Problem
In the listing below, find the line that contains "Consumers were invited" and the line that contains "2、不防滑。淋浴房是敞开式的". Quote both and every line between them, exactly, and nothing more.

Data shown
┄┄┄┄┄┄┄┄┄┄┄┄┄┄┄┄┄┄┄┄

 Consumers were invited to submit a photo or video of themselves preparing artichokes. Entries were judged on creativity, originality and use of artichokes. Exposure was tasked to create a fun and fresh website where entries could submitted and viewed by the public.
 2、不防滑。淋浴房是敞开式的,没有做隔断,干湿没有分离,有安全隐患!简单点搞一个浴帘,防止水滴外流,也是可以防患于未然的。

┄┄┄┄┄┄┄┄┄┄┄┄┄┄┄┄┄┄┄┄

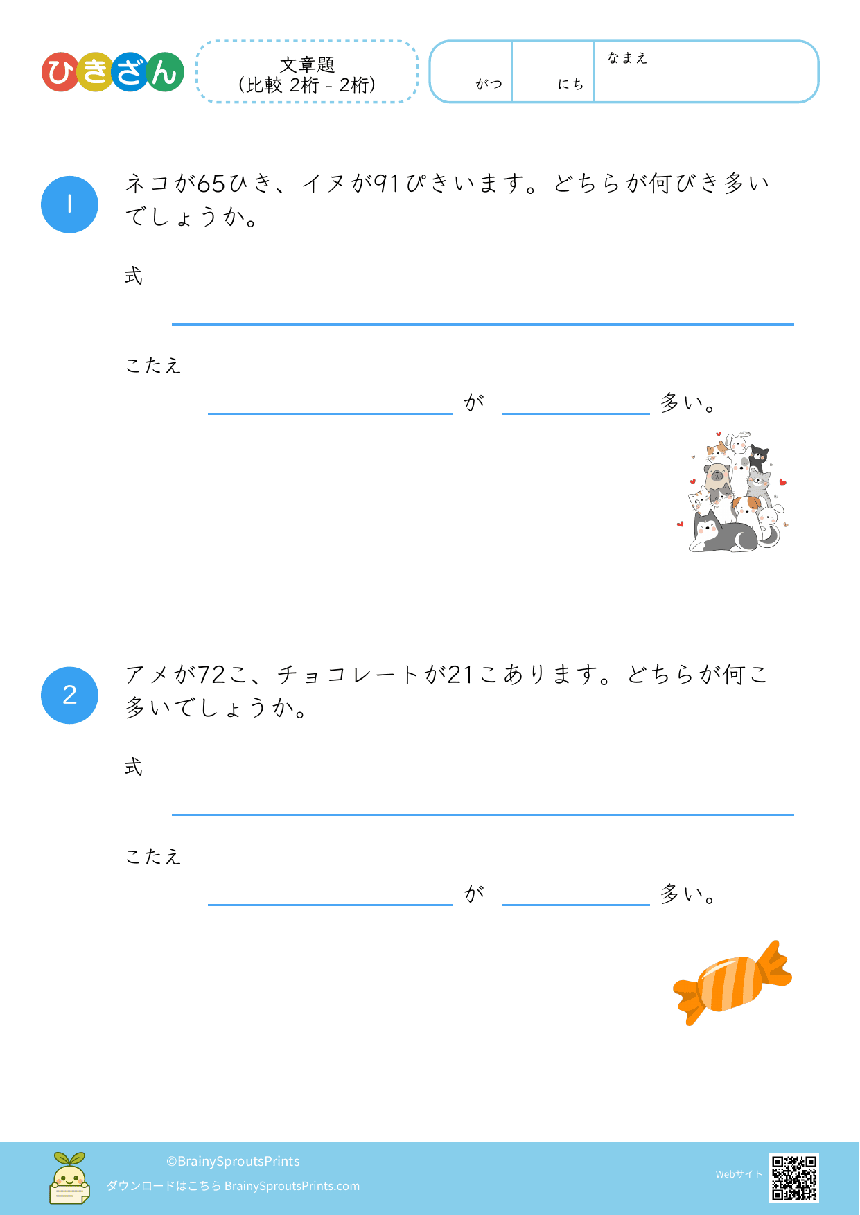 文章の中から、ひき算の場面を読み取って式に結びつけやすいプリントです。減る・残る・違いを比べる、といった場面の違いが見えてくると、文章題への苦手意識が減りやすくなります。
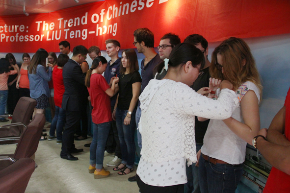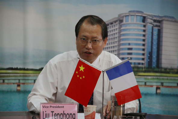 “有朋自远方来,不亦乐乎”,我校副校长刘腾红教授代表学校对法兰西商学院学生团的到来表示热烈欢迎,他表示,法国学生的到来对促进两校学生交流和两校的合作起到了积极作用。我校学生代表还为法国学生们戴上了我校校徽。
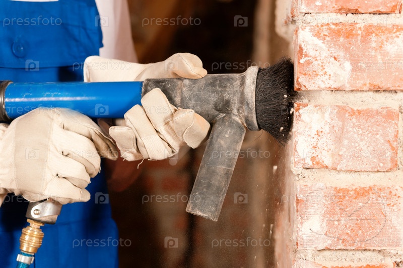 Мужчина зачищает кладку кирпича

┄┄┄┄┄┄┄┄┄┄┄┄┄┄┄┄┄┄┄┄

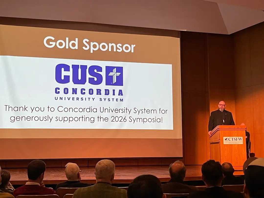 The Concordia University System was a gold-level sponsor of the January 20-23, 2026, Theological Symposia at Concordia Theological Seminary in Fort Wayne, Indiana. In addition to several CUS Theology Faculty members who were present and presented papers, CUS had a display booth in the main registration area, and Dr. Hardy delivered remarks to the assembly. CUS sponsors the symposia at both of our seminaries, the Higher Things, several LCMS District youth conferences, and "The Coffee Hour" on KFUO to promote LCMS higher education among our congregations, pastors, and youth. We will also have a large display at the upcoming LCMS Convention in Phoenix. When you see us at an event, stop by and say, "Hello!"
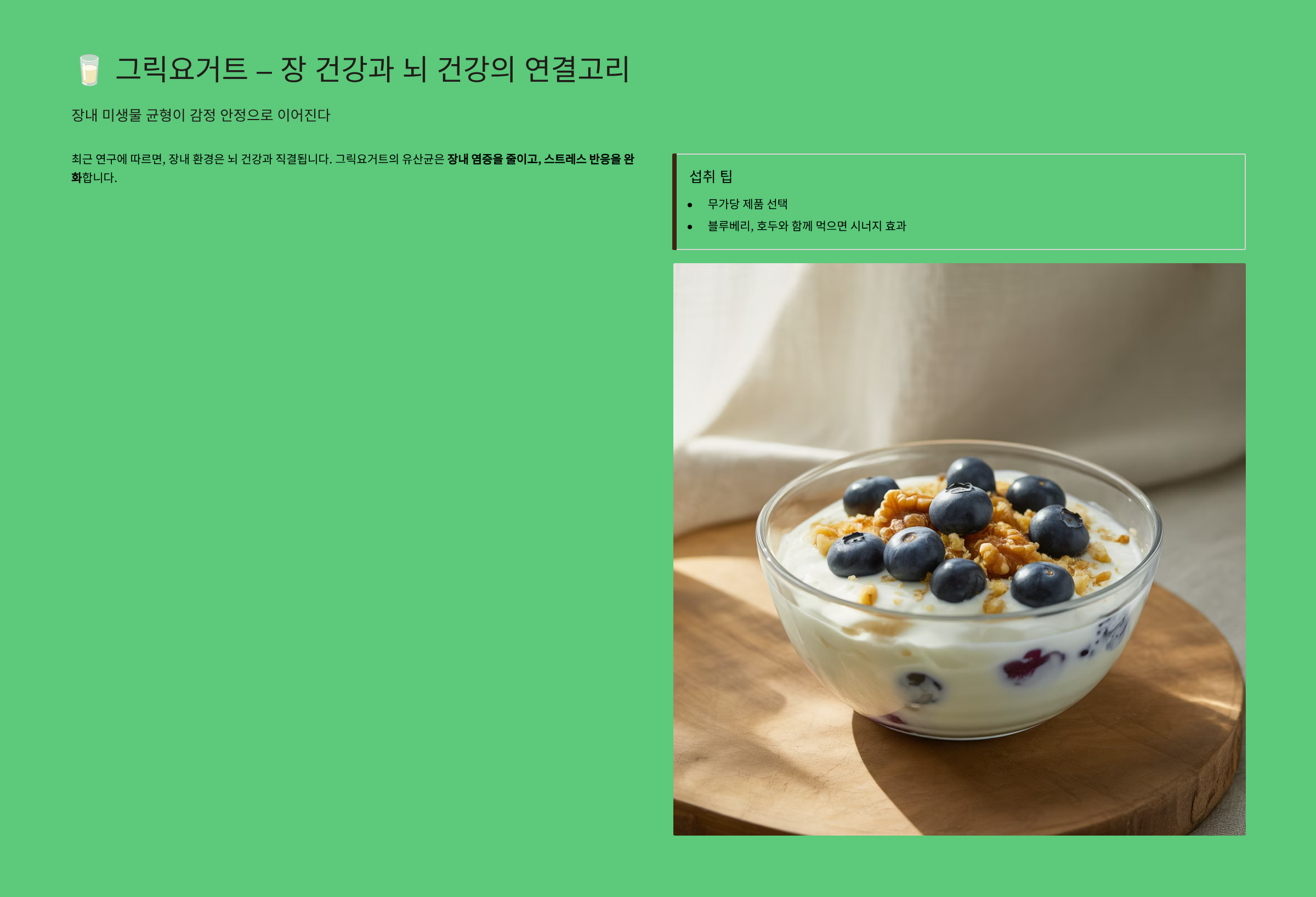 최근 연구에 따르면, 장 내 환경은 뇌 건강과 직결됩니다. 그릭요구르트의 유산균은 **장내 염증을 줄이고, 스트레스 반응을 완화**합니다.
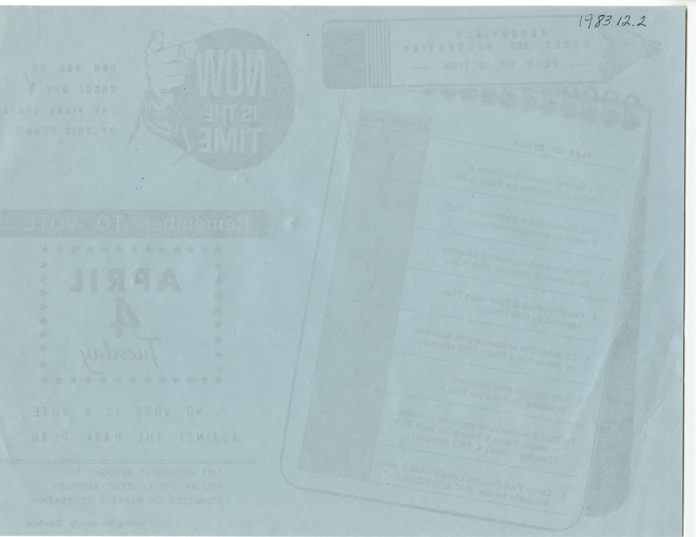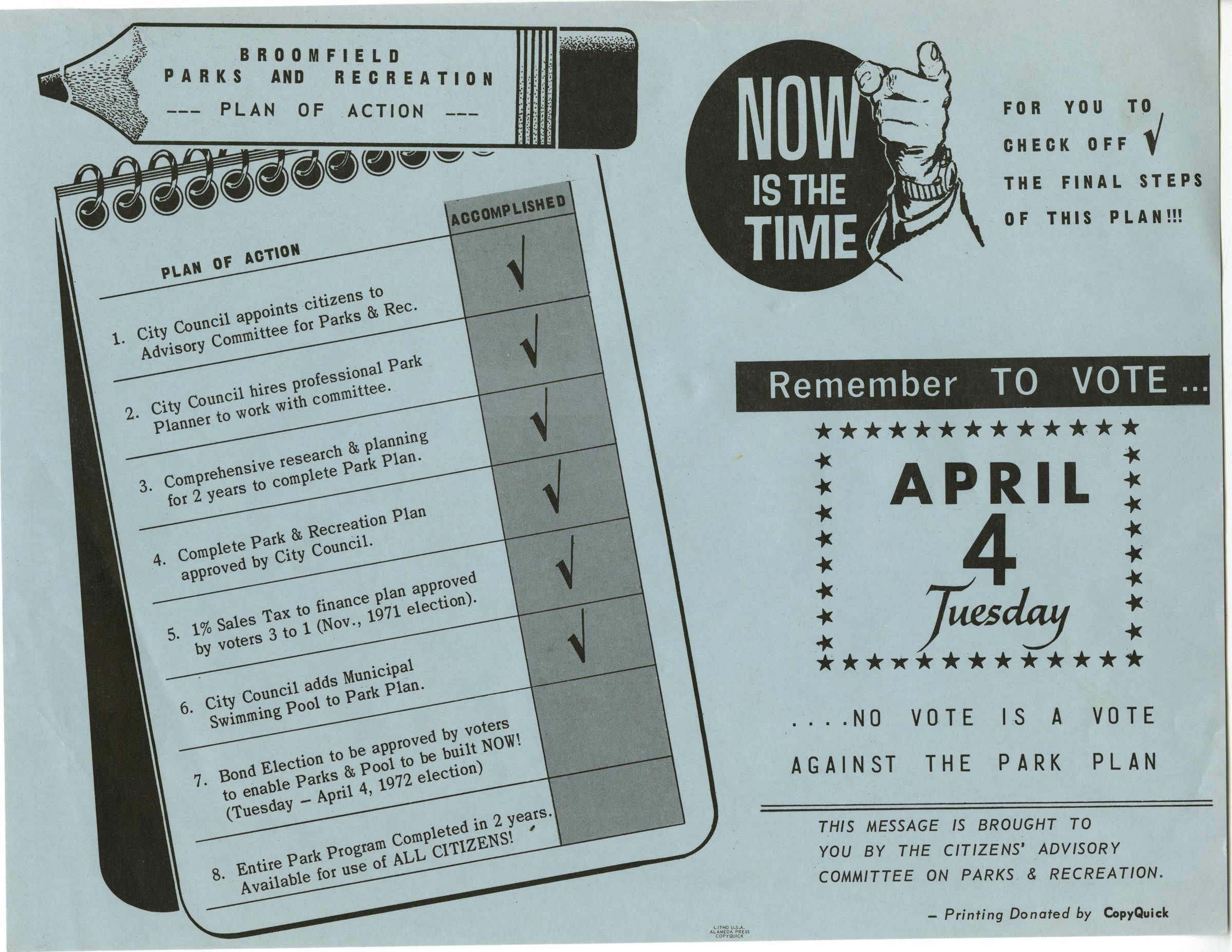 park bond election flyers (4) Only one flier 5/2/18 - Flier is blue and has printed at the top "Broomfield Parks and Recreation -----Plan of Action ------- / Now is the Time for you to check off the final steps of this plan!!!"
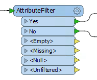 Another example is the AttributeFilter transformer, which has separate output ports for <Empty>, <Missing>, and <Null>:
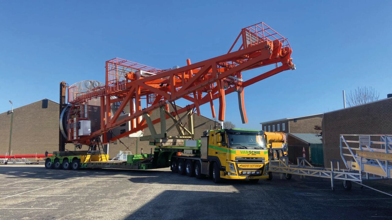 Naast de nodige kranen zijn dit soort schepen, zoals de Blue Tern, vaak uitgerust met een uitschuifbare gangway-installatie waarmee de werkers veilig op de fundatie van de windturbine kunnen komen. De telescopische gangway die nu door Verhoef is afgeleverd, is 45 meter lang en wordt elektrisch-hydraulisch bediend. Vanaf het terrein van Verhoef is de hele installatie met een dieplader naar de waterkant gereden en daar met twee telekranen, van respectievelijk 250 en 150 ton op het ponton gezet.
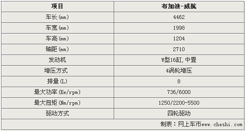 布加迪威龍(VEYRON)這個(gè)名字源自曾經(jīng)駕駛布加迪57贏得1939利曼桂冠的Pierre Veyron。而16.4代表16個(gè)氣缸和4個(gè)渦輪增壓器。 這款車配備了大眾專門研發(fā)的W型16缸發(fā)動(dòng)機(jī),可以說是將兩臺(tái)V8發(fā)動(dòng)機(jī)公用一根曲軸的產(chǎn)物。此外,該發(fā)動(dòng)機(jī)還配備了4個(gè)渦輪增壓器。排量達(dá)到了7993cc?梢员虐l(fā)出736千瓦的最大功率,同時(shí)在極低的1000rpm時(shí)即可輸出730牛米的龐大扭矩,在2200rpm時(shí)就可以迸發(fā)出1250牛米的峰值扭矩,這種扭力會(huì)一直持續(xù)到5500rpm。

┄┄┄┄┄┄┄┄┄┄┄┄┄┄┄┄┄┄┄┄

Task answer
 Consumers were invited to submit a photo or video of themselves preparing artichokes. Entries were judged on creativity, originality and use of artichokes. Exposure was tasked to create a fun and fresh website where entries could submitted and viewed by the public.
 2、不防滑。淋浴房是敞开式的,没有做隔断,干湿没有分离,有安全隐患!简单点搞一个浴帘,防止水滴外流,也是可以防患于未然的。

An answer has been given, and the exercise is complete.